# Nero 10 Problem



## Harddrive

Nero Multimedia Suite 10 (Problems)

Can anyone help. When installing Nero 10 I get cannot install past Microsoft VS PIA Redist and Reboot Validator. 

Says the installation of Microsoft.NET Framework 3.0 KB 967328 (x86) has failed. Set up will now exit. Then it exits the installation. 

Thanks


----------



## voyagerfan99

What you could do is go into Add/Remove Programs and note which .Net Framework packages are installed. Then uninstall them and reboot the computer. After the reboot, you can re-download all the .Net Framework packages off Microsoft's website.

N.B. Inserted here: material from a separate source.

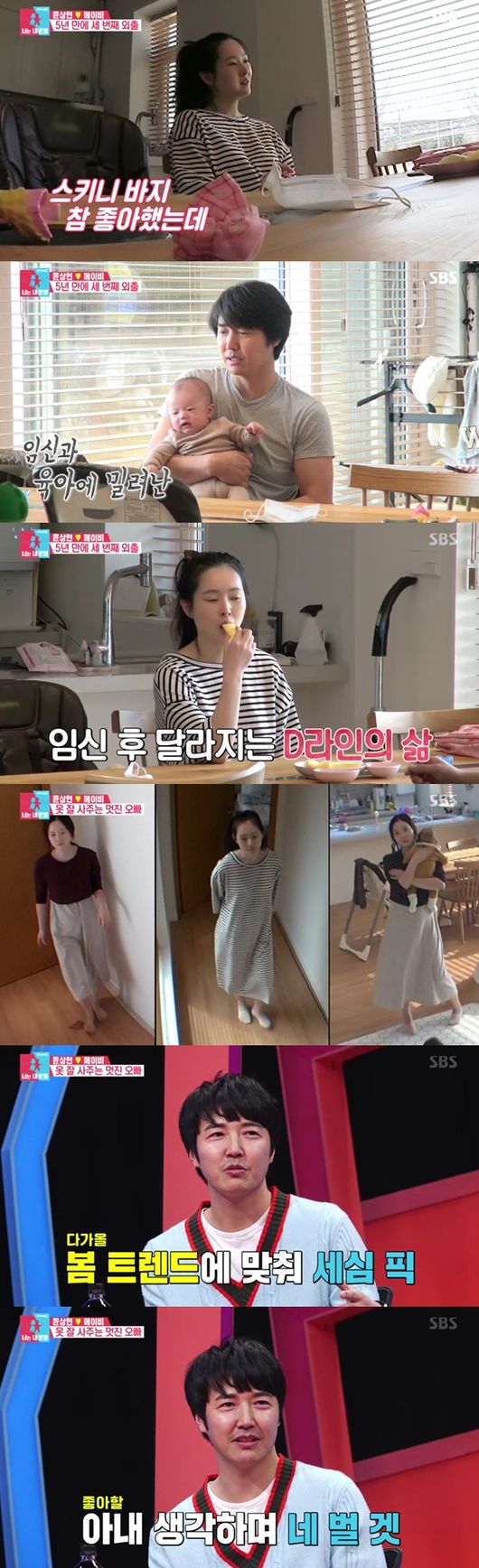 이어 아내의 힘듦을 알기에 직접 아내 옷을 사다줬다고 했다. 그러면서 임신과 육아에 밀려난 '여자'의 평범한 행복인 쇼핑을 언급하며 윤상현은 "옷이 날개라고 한 번 입고 나와봐라"며 서프라이즈 선물을 준비했다고 했다. 윤상현은 옷 방에 선물을 넣어놨고, 봄 트렌드에 맞춰서 사준 옷 선물을 보며 메이비는 감동했다.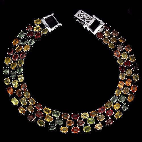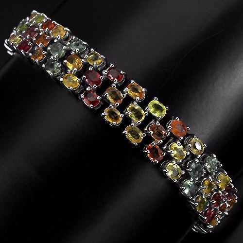FANCY SAPPHIRE (NATURAL) 14K WHITE GOLD COATING 925 SILVER BRACELET;UNIT OF ITEM (S):1 PIECE;WEIGHT (CT.):127.06 CT. (total weight of silver + stone)DIMENSION:* STONE 4.0 X 3.0 MM.* LENGTH 7.0 INCHES. * FACE BRACELET 163.0 X 11.0 MM.;SHAPE/CUT:OVAL FACET;COLOR:TOP FANCY COLORS;CLARITY/GRADE:IF TO VVS;LUSTER:GORGEOUS;TREATMENT:HEATED & UNHEATED;ORIGIN:SONGEA - AFRICA;HARDNESS:9.0

http://support.microsoft.com/kb/923100/


----------



## russb

What can you use Nero Multimedia Suite 10 for i ask because i bought a pocket camcorder and got nero 9 essentials as a gift.


----------



## S.T.A.R.S.

Uninstall .NET framework 3.0,restart your computer and download offline installer of the .NET framework 3.0 32-bit edition (x86) from the following link:

http://www.techdreams.org/microsoft...p1-30-20-from-microsoft-servers/1845-20090314

After you have downloaded it,install it and after the installation is complete,restart your computer and then install Nero 10.

I use Nero 6 by the way.It rocks =D


----------